Regarding Arc Flash Hazard footwear — leather boots are recognized as adequate protection for hazards >12cal.
What about insulated heavy rubber (“Mickey Mouse”) work boots?


Rubber insulating boots (DI) boots meeting ASTM F2413 (DI) are tested for boot characteristics and for DI characteristics.
This is done by using ASTM F1116 Standard Test Method for Determining Dielectric Strength of Dielectric Footwear as specified in ASTM F1117 Standard Specification for Dielectric Footwear.

Arc Rated Testing

There is no arc testing required by this standard or by ASTM F2413. But the three main manufacturers have tested according to ASTM F2621.  The boot is exposed 12 inches from the arc to 40 cal/cm² and evaluated for ignition, melting and dripping. The three boot brands tested have passed this criteria.

Paper tissues are also placed in the boot just to evaluate for scorching, and none has been observed. My bet is the boots would ignite at the edge at some point. But I would never worry about a boot ignition since the feet will typically never see that much energy in a T&D setting that can be envisioned.
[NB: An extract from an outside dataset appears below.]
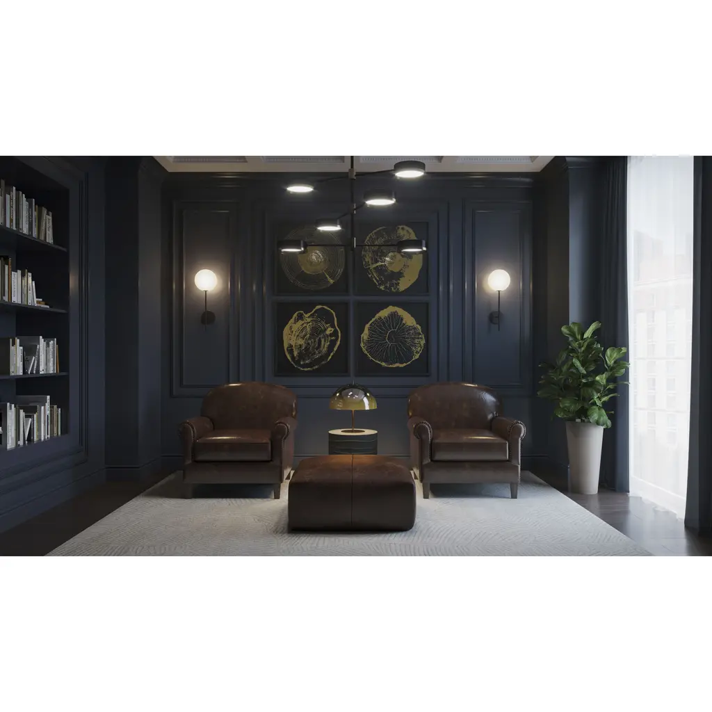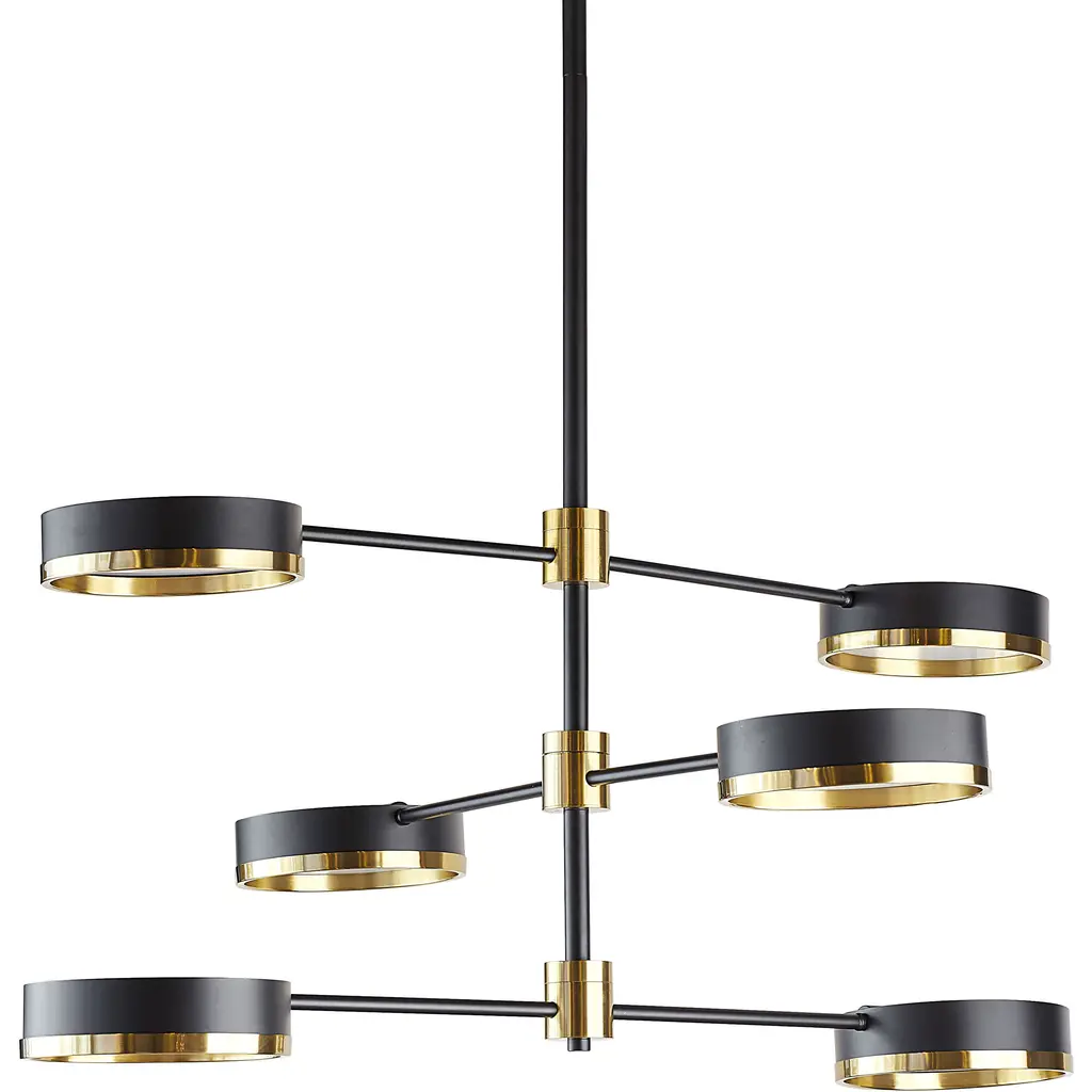 Bring together any space with this marvelous chandelier that will add modern style. Features a black metal frame with six flat cylindrical lamp shades. Arms can be adjusted horizontally for added design versatility. Completed with accenting brass plating.
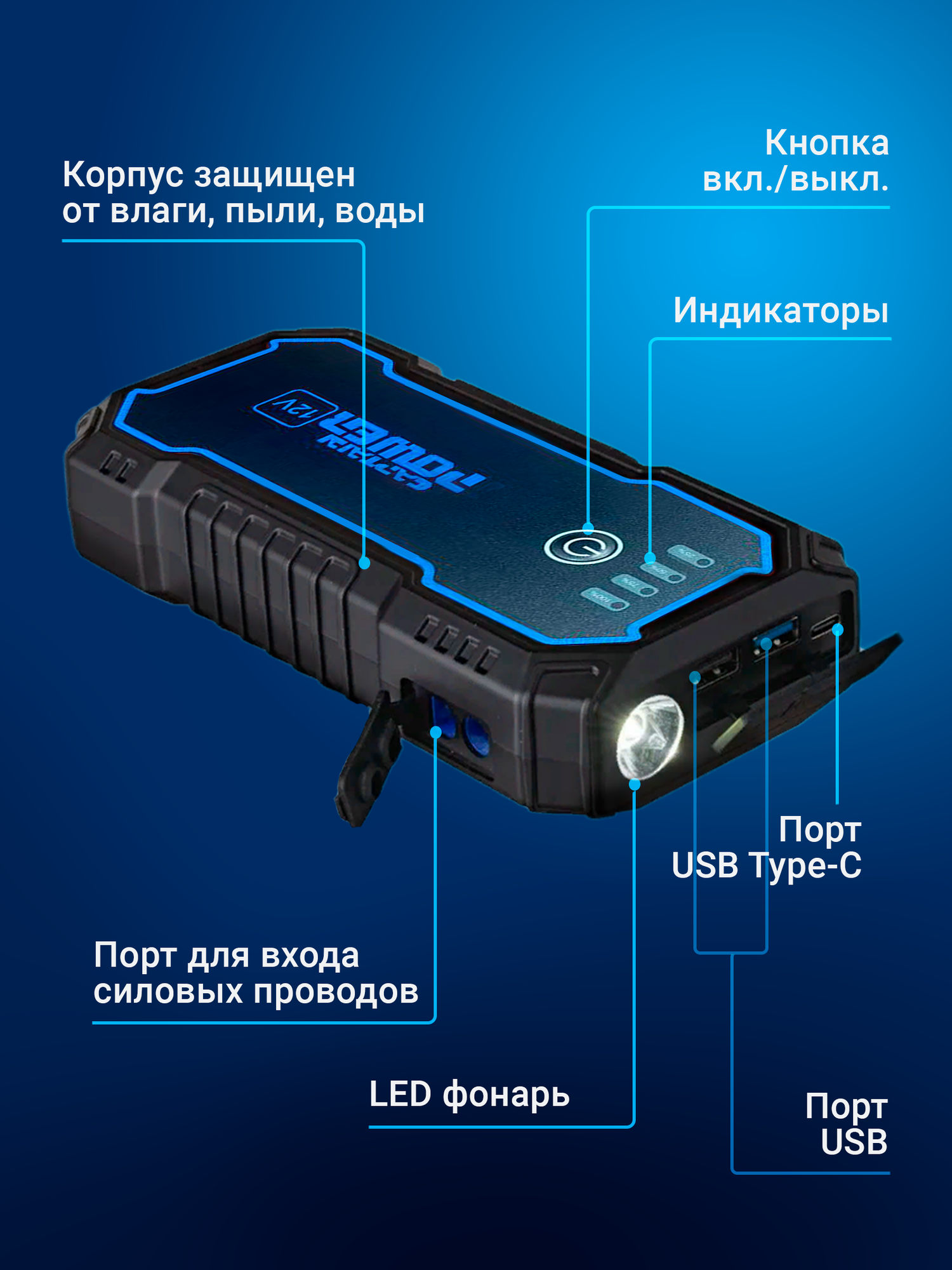Пусковое устройство для авто, LED фонарь, черный матовый, 800 А, 18 см

What Do Use Standards Say?

NFPA 70E® in Appendix table H.2 [citing 130.7 (C)(8)] lists “Dielectric overshoes as needed” in the Two-Category approach with Arc Flash Suits. This would indicate that the committee feels there is no current need to arc rate shoes. Additionally, in 130.7 (C)(10)(e) the standard goes further:

Foot Protection. Heavy-duty leather footwear or dielectric footwear or both provide some arc flash protection to the feet and shall be used in all exposures greater than 4 cal/cm².
OSHA states in the preamble to 1910.269 (2014 version) that, “The final rule removes the requirement for employees to wear protective footwear as protection against electric shock.

…OSHA is revising its general industry standard on foot protection, 29 CFR 1910.136, to require employers to ensure that each affected employee uses protective footwear when… the use of protective footwear will protect the affected employee from an electrical hazard, such as a static-discharge or electric-shock hazard, that remains after the employer takes other necessary protective measures.
Also in the preamble:

Secondary insulation normally insulates an employee’s feet from a grounded surface. Electrical hazard footwear and rubber insulating matting are examples of secondary electrical protection.
Because ASTM does not consider DI or EH shoes as primary protection, OSHA eliminated its language which implied that. One must still use DI or EH footwear as secondary protection, but because they are never re-tested like gloves or blankets, they cannot be considered primary protection.

There have been incidents of rubber insulating shoes failing. The data gives strong precedent that this kind of incident occurring would be quite difficult.